Well known, but not known about
Most people who work with troubled kids will have heard about ADHD.
In my experience, though, many don’t know much beyond the very basics, In fact, lots of people I speak to have a view of ADHD limited to kids with an unusual degree physical hyperactivity. The fidgety kids who can’t sit still – ‘Oh, he’s the one with ADHD.’
We need a broader sense of what ADHD is and of how it affects children’s functioning, if we’re to really help them push through and do better.
DISCLAIMER: what follows is an aggregation of my reading – I am not a doctor.

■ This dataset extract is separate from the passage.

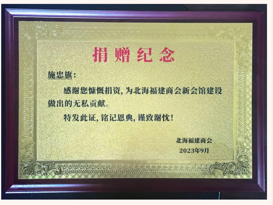 董事长施忠旗捐资北海福建商会 共筑闽商新家园发布日期:2024-03-27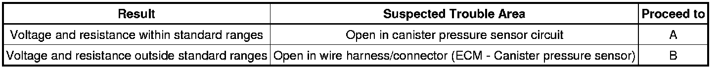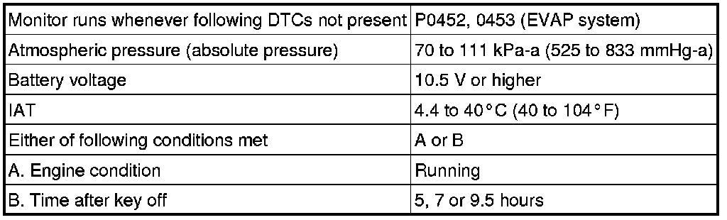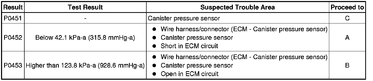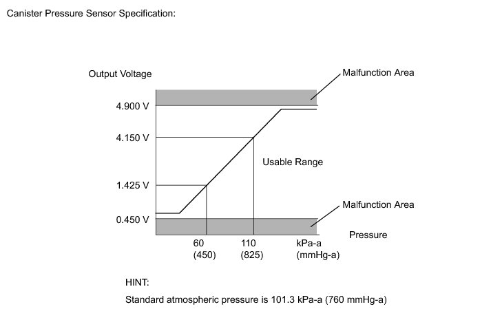 If the canister pressure sensor output [pressure] is below 42.1 kPa-a (315.9 mmHg-a), the ECM interprets this as an open or short circuit malfunction in the canister pressure sensor or its circuit and stops the EVAP system monitor. The ECM then illuminates the MIL and stores the DTC (1 trip detection logic).

If you need help yourself or for someone else, please consult a doctor.
In a nutshell:
So, here’s my very brief, non-medical, summary of what it is:
ADHD (Attention-Deficit/Hyperactivity Disorder) is a neurodevelopmental disorder that commonly affects children but can persist into adulthood. It is characterized by persistent patterns of inattention, hyperactivity, and impulsivity, which can significantly impact an individual’s daily functioning and quality of life.
Here are some key summary points about ADHD:
- Definition: ADHD is a neurodevelopmental disorder which causes children to experience abnormal levels of inattention, hyperactivity, and impulsivity.
- Prevalence: It is one of the most common childhood neurodevelopment disorders. It is thought to affect around 5-10% of children. Symptoms normally appear in early childhood, but they very often persist into the teenage years and beyond, into adulthood.
- Inattention: Sustaining attention is perhaps the most prevalent symptom of ADHD. This shows itself in distractibility (i.e. difficulty paying attention), forgetfulness (e.g. losing things, not keeping appointments), struggling to follow instructions and difficulties with task-completion.
- Hyperactivity: Perhaps the most well-known symptom, hyperactivity manifests as excessive physical agitation, such as fidgeting, restlessness, and having trouble sitting still. People with ADHD may struggle to engage in quiet activities and seem to be ‘on the go’ all the time I’ve heard it described as feeling like having a dynamo inside.
- Impulsivity: Impulsivity refers to acting without thought for potential consequences – act first, think…whenever! Individuals with ADHD may also cut across conversations and interrupt people, and/or struggle with self-control (e.g. saying ill-thought-through and/or inappropriate things, buying things they can’t really afford, acting rashly or taking risks, etc.).
- Subtypes: ADHD can be classified into 3 subtypes:
- predominantly inattentive presentation,
- predominantly hyperactive-impulsive presentation, or
- combined presentation (inattention, hyperactivity, and impulsivity).
- Subtypes: ADHD can be classified into 3 subtypes:
Diagnosis – Symptoms – Causes:
- Diagnosis: Diagnosis is typically made through a comprehensive assessment by a psychiatrist, sometimes in partnership with a psychologist, who follow a diagnostic manual – either DSM-V (North American) or ICD-11 (World Health Organisation).
- Symptoms: These must be present for at least 6 months, start before the age of 12, be outside of what’s normal for age & intellectual functioning, be present in multiple different settings and have a notable negative impact on everyday life (e.g. school, work, social relationships).
- Causes: This is the focus of great debate and much ongoing research! But the truth of it is likely to be some combination of genetic, environmental, and neurological factors, possibly differing from person to person. Differences in brain structure, different function and neurotransmitter imbalances, may also contribute to the condition.
‘Scientists have not yet identified the specific causes of ADHD. While there is growing evidence that genetics contribute to ADHD and several genes have been linked to the disorder, no specific gene or gene combination has been identified as the cause of the disorder. However, it is important to note that relatives of individuals with ADHD are often also affected. There is evidence of anatomical differences in the brains of children with ADHD in comparison to other children without the condition.’ (American Psychiatric Association)
Comorbidities – Treatment
- Comorbidities: ADHD often coexists with other conditions like learning disabilities, autistic spectrum disorders, anxiety disorders, depression, and oppositional defiant disorder. These comorbidities can further complicate diagnosis and treatment.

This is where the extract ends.